In two virtual candidate forums held over the past week, Menlo Park's three District 3 candidates were invited to hash out their positions on key policy issues impacting residents.
The three candidates seeking the City Council seat are Chelsea Nguyen, a U.S. Air Force veteran and project manager at Cisco; Max Fennell, a professional triathlete and coffee entrepreneur; and Jen Wolosin, founder of Parents for Safe Routes. The district includes a section of Menlo Park bounded between Palo Alto and Atherton, stretching southwest to Crane Street and northeast to the VA property off of Willow Road. It includes the Civic Center, the Caltrain station and the neighborhoods of Vintage Oaks, Linfield Oaks and Felton Gables, among other areas.
During a candidate forum hosted Sept. 30 by the League of Women Voters of South San Mateo County, the candidates spoke about their policy ideas and priorities should they win. At a second forum scheduled Saturday, Oct. 3, Fennell and Nguyen announced that they would not participate, alleging that the advocacy organization hosting the forum, Menlo Together, was too politically aligned with Wolosin, a former member of the group who quit near the end of June. Menlo Together invited a representative from The Almanac to moderate the debate, but the editor was unavailable.
Candidates aligned in broad strokes on a number of topics, but had different perspectives on how to bring about the changes they said are needed in Menlo Park.
Read The Almanac's voter guide stories on each candidate here.
While the other candidates generally expressed positions that The Almanac has previously reported on, in the forums, Wolosin came forward with two unconventional policy positions. She said that the city should explore zoning changes to permit duplexes and triplexes in single-family zoned areas, and that it should set a maximum speed limit of 25 miles per hour citywide.
Several questions posed in the League of Women Voters forum focused on the topic of affordable housing – how can the city get more of it built, and where?
Nguyen and Wolosin said they both favor increasing the percentage of below-market-rate housing developers are required to build or pay for to greater than 15%.
Fennell said he favors stepping back even further and starting out by defining affordable housing, looking at what renter households like his can actually afford.
"Where is the solution going to come from if you're not directly affected by this?" he asked. "That's why we need to elect someone who understands what we're going through."
As for where to build, Wolosin said the city should look in all areas of Menlo Park for places to develop more housing – including large sites like the USGS campus, which is soon to be vacated, as well as the area near the Safeway shopping center in Sharon Heights.
In addition to large sites, she said, the city should look at allowing duplexes and triplexes in single-family areas.

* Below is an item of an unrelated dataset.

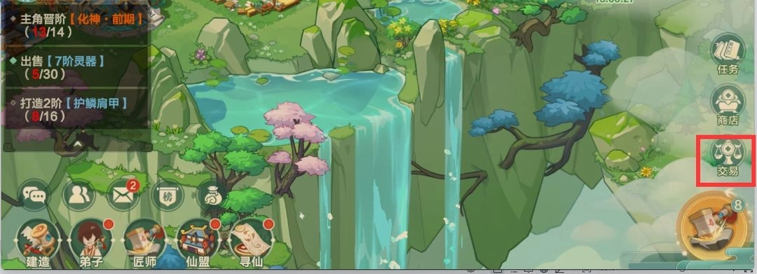 首先,在主界面中寻找到灵坊,或者点击右下角的“交易”按钮。
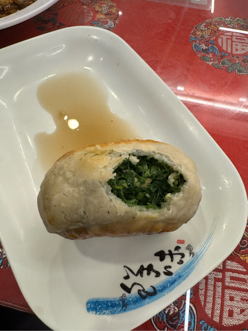 吃了挺久,馅饼还没来,我问服务员怎么馅饼还没到,他们说这是现烙的大概25分钟,最后菜快吃完了馅饼才到

State law already permits up to three housing units on a single-family lot, counting a main house, a detached accessory dwelling unit and a garage or attic conversion, she noted.

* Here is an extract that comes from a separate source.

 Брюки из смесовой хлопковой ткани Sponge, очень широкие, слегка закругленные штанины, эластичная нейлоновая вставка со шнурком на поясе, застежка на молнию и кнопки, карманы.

"No neighborhood should undergo radical change and no neighborhood should be exempt from change," she said, noting the idea came from Strong Towns, a national urban development nonprofit.
Fennell said he favors working first to figure out how to get existing vacant and designated "luxury" apartments occupied by talking to developers and property managers.
The middle class is shrinking, Nguyen said, because the city doesn't have cheap housing for them; housing development skews toward luxury development instead, she said.
The Menlo Together forum, in which only Wolosin participated, posed the following three-part question: Would you support setting speed limits to a maximum of 25 mph citywide? Would you support setting design standards to gradually redesign streets to support 25 mph speeds? And would you support the city joining other cities in advocating for changes to the state's 85th percentile law, which sets speed limits based on the speed at which 85% of drivers travel?
To all three questions, Wolosin responded with a yes.
"Right now, the injury rate and fatality rate of people who are hit by a car walking or biking is exponentially higher when speeds are higher," she said. "Someone who comes into contact with a vehicle traveling 40 mph or higher has a much greater likelihood of being seriously injured or killed than somebody hit by a car traveling at 30 or 20 mph."
She added that under state law, there is a rule that says that cities can't enforce speed limits more than 5 miles per hour slower than how fast cars generally travel on the roads. "I do not agree with this at all," she said. "It incentivizes the wrong driving behavior." Despite the law, she said, she favors setting up signs saying the city's speed limit is 25 miles per hour even though it's not enforceable, to promote safe driving. She also said she favored road designs that make the road look less open to further slow drivers.